Zusammen mit der Kulturland-Genossenschaft konnten wir 5,77 Hektar neue Flächen sichern - in einer Gegend, die nicht nur durch extreme Bodenpreise, sondern auch durch extreme Massentierhaltung mit entprechenden Umweltbelastungen gekennzeichnet ist. Mit Deiner Unterstützung können wir mit dieser “Oase in der Wüste” auch in dieser Region ein Zeichen des Wandels zu setzen. Werde Mitglied der Kulturland-Genossenschaft und hilf mit, den Landkauf zu finanzieren.
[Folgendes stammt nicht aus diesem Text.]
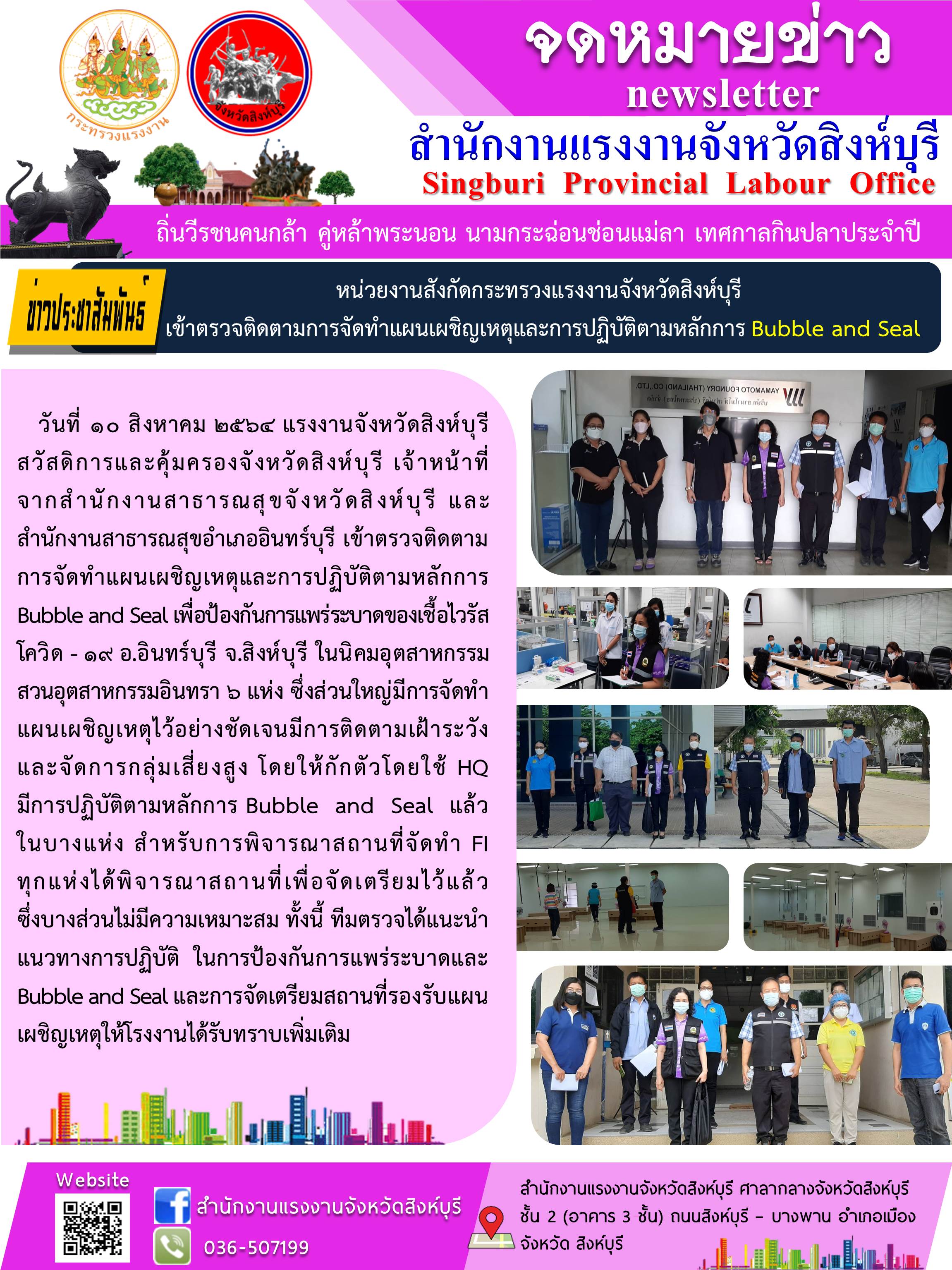 หน่วยงานสังกัดกระทรวงแรงงานจังหวัดสิงห์บุรี เข้าตรวจติดตามการจัดทำแผนเผชิญเหตุและการปฏิบัติตามหลักการ Bubble and Seal

Über die Arche-Wilhelminenhof, Demeter-Landwirtschaft, Solawi und Arche-Hof

Die Arche-Wilhelminenhof liegt im Ortsteil Büschel von Bakum in der norddeutschen Tiefebene am südlichen Rand der Cloppenburger Geest. 1995 haben wir, Michael und Angelika Balz, den elterlichen Hof von Angelika übernommen und zuerst im Nebenerwerb geführt. Wir sind beide gelernte Gärtner, Michael ist Gärtnermeister für Obstbau. Mit zwei Hektar Kernobst (Birnen und Äpfeln) und Heidelbeeren haben wir eine Direktvermarktung begonnen, die sehr gut anlief, so dass ein kleiner Hofladen und erste Kühlräume entstanden. Nach und nach kam weiteres Obst auf Pachtflächen hinzu und von einem Freund konnten wir den Muckerhof mit 6 Hektar Land kaufen, auf dem wir eine Kühlung zur Lagerung von 400 Tonnen Kernobst bauten. Seit 2010 führen wir den Hof im Vollerwerb und widmen uns neben dem Obstanbau der Zucht alter Nutztierrassen und experimentieren mit tierbasierten Agroforstsystemen. 2017 sind wir dem Demeter-Verband beigetreten und haben damit auch offiziell auf ökologische Landwirtschaft umgestellt. Im gleichen Jahr ist unsere Solawi gegründet worden, die neben dem Hofladen und dem Schulprogramm den Hof finanziert.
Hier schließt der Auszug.